A week later, other Prince George friends attended an indoor reception there. Our event came a week after that one, and was held in the spacious shop at the groom’s parents’ ranch at Big Lake, for more Williams Lake friends. Here, safe from threatening raindrops, was the bride in her splendid gown for its third airing!
Wedding decorations and photos, now transforming that workshop into a pretty hall, had also already been used twice. In a video of the wedding ceremony, we could hear the rain pouring down. “We were drenched!” grandma Joan had told us. With perfect timing, the answer to the question, “If anyone knows any reason this couple should not be married, speak now or — ” was a loud clap of thunder!
Sunday reintroduced us to blue sky and sunshine. Much chatter and laughter accompanied our morning coffee, make that brunch, provided by my sister in Quesnel. Reluctantly I had decided not to visit other friends in that city, my first home in B.C., so we next drove to Richbar Golf Club and Nursery.
“Oh no!” Joan exclaimed upon noticing that no power carts were in sight.
“Although today is clear, the course is too wet and soft from so much rain we simply cannot risk having ruts,” explained the friendly lass. “We can’t even make exceptions for disabled customers.”
Goodbye to the hope that John would drive still-recuperating me around that most attractive site so Joan and I could both play. We consoled ourselves by eating wings at Wings!

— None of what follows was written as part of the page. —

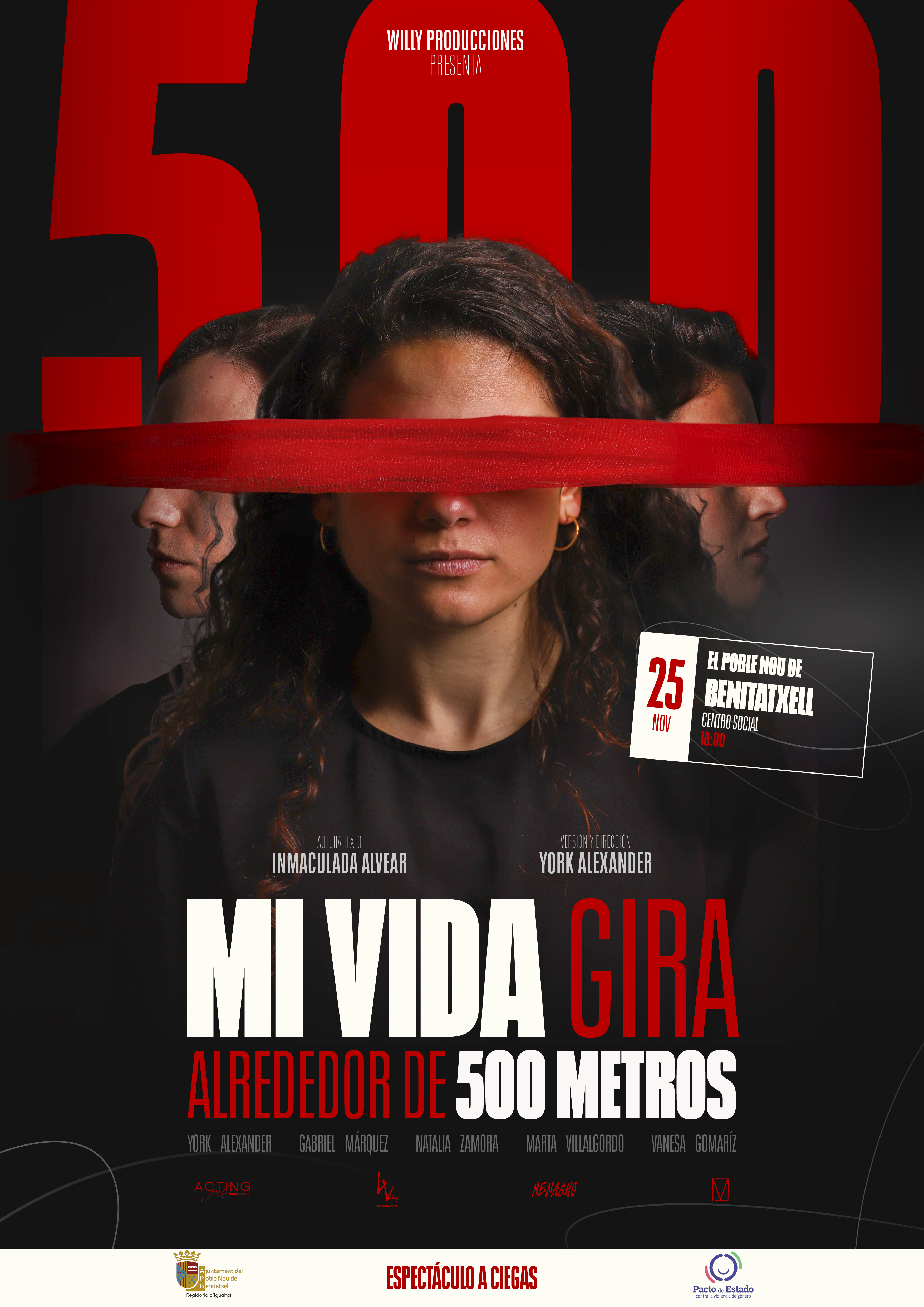 Pero será el martes 25, Día Internacional para la Eliminación de la Violencia hacia las Mujeres, el día central de la semana. El Centro Social acogerá a las 18.00h el espectáculo teatral ‘Mi vida gira alrededor… de 500 metros’. Se trata de una experiencia sensorial y teatral que invita a reflexionar sobre las distintas formas de violencias machistas que aún persisten en nuestra sociedad. Durante la representación, el público participa con los ojos tapados, viviendo de manera simbólica y emocional distintas escenas de violencia machista que se desarrollan a su alrededor. Se trata de una propuesta intensa y emocional, que puede herir la sensibilidad de algunas personas, por lo que desde la organización del acto se recomienda no asistir al espectáculo en caso de ser especialmente sensible o padecer claustrofobia o ansiedad.

Monday, our final full day, saw almost blue skies, so our golf clubs were put to good use at last on the Williams Lake course. The power cart took Joan and I up hill and down dale as we chased that wily ball over 18 challenging holes. For some strange reason we like doing that!
John and I saw more wildlife on the way home, with no dramatics this time. Taking the rural route past the west end of Horse Lake, a mama deer was running (safely) towards us, wee one still in spots, behind her. When I slowed down, it stopped and stared at us inquisitively. John wouldn’t let me kidnap this cutie, so away we went, leaving the fawn to catch up to its mother.
We’d seen a female moose in fading daylight upon our return from Wedding Reception #3, and on Highway 24 we saw its counterpart. Crossing slowly in front of us, this huge male gave us plenty of time to inspect its wide antlers.
P.S., with three minutes of scribble time left after writing the above draft of my potential Trekking Tale, I had just enough time to think of a title before the sharing and discussion of our efforts to “Silent Write” began.